Speeding up tensor concatenation


I need to concatenate a long list of small tensors. Each small tensor is a slice of a given (quite simple) constant matrix. Here is the code:

max_node, counter = 0, 0
batch_size, n_days = (1000, 10)
n_interactions_in = torch.randint(low=100,high=200,size=(batch_size,n_days), dtype=torch.long)
max_interactions = n_interactions_in.max()
delay_table = torch.arange(n_days, device=device, dtype=torch.float).expand([max_interactions, n_days]).t().contiguous()
delay_table = n_days - delay_table - 1
edge_delay_buf = []
for b in range(batch_size):
     delay_vec = [delay_table[d, :n_interactions_in[b, d]] for d in range(n_days)]
res = torch.cat(edge_delay_buf)

This takes a lot of time.
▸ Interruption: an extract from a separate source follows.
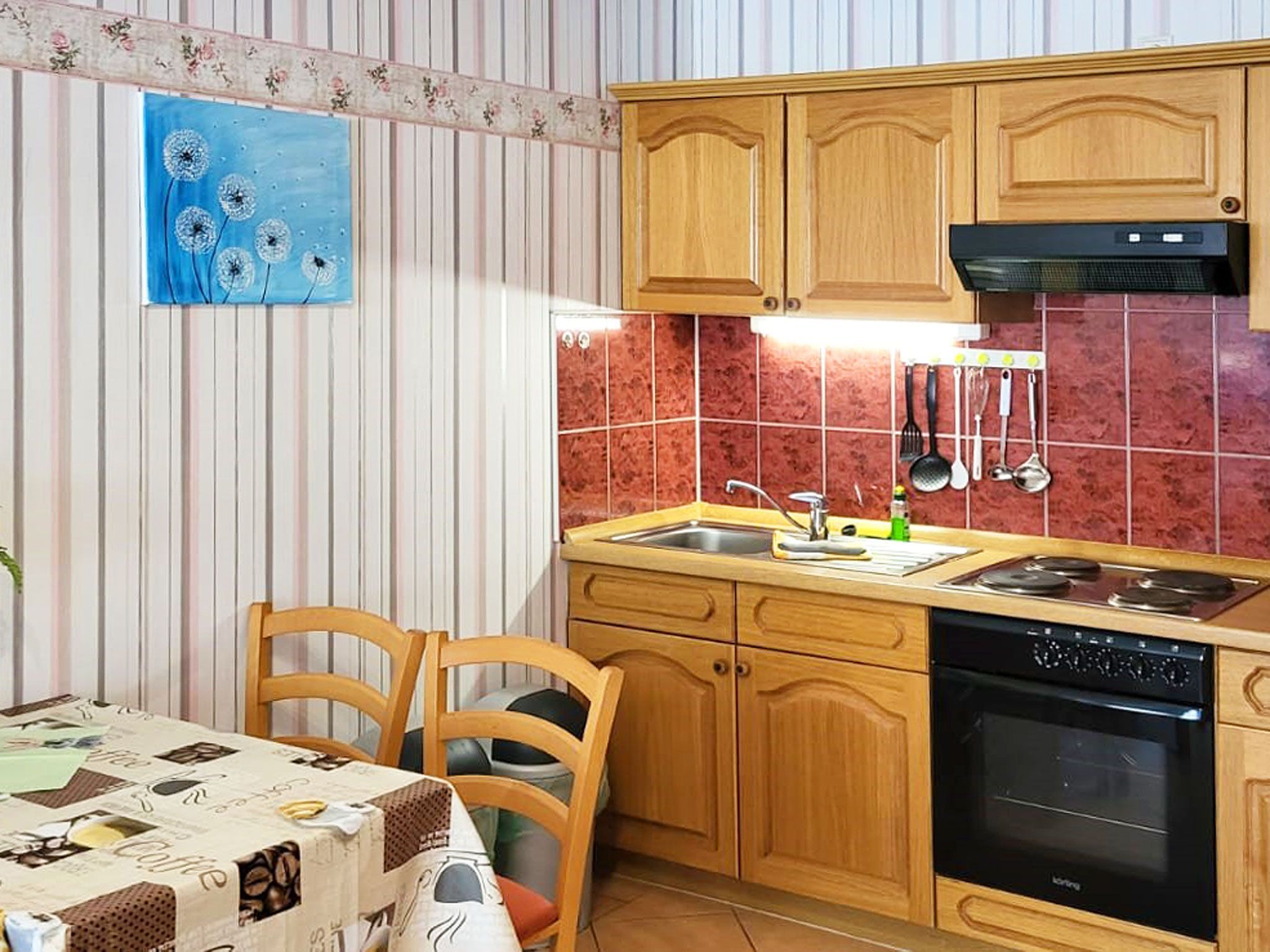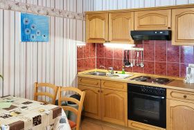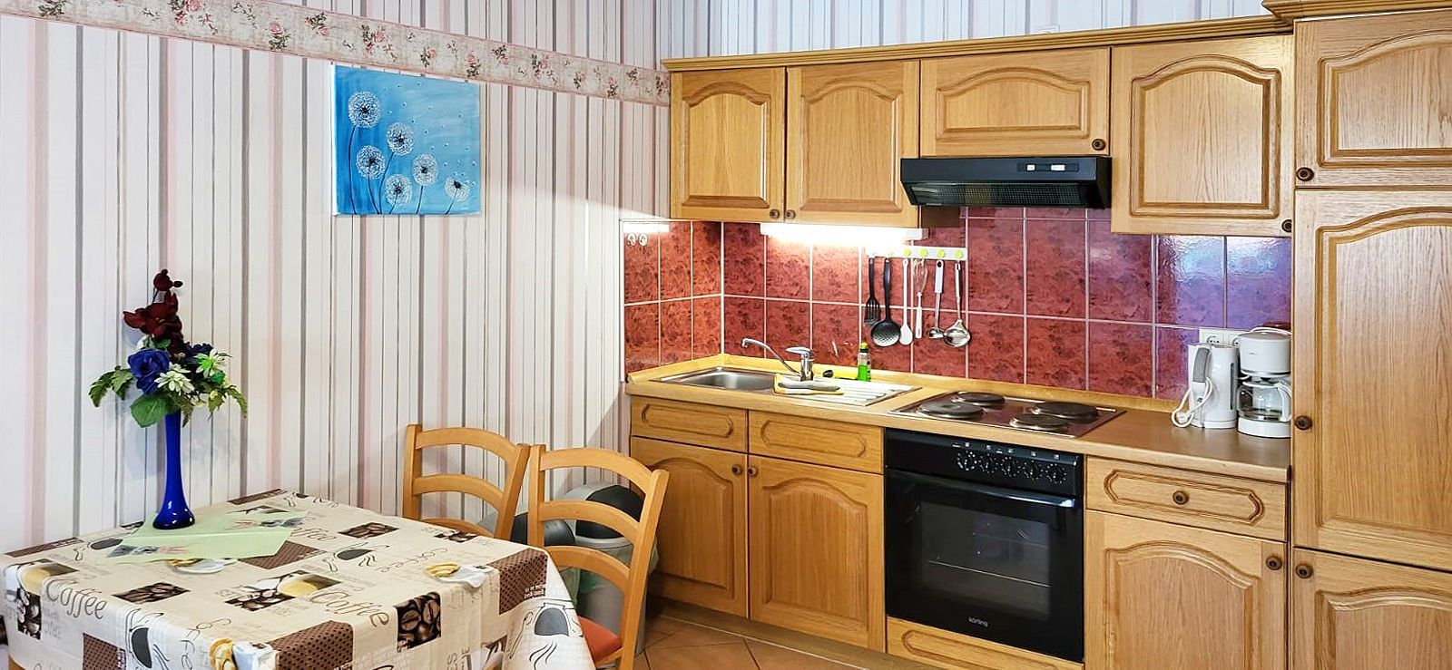 Küche mit 4 Plattenherd, Mikrowelle, Kühlschrank, Kaffeemaschine, Toaster,

Is there a way to effeciently parrallize the creation of each element in the edge_delay_buf?
I have tried multiple variants, such as replacing the for loop with a list concatenation, where the result is a list of lists, then flattening the list and applying torch.cat on the flattened list. However, it didn’t improve by much. For some reason the slicing operation takes too long.

Is there a way to make the slicing faster? Is there a way to make the loop more efficient / parallel?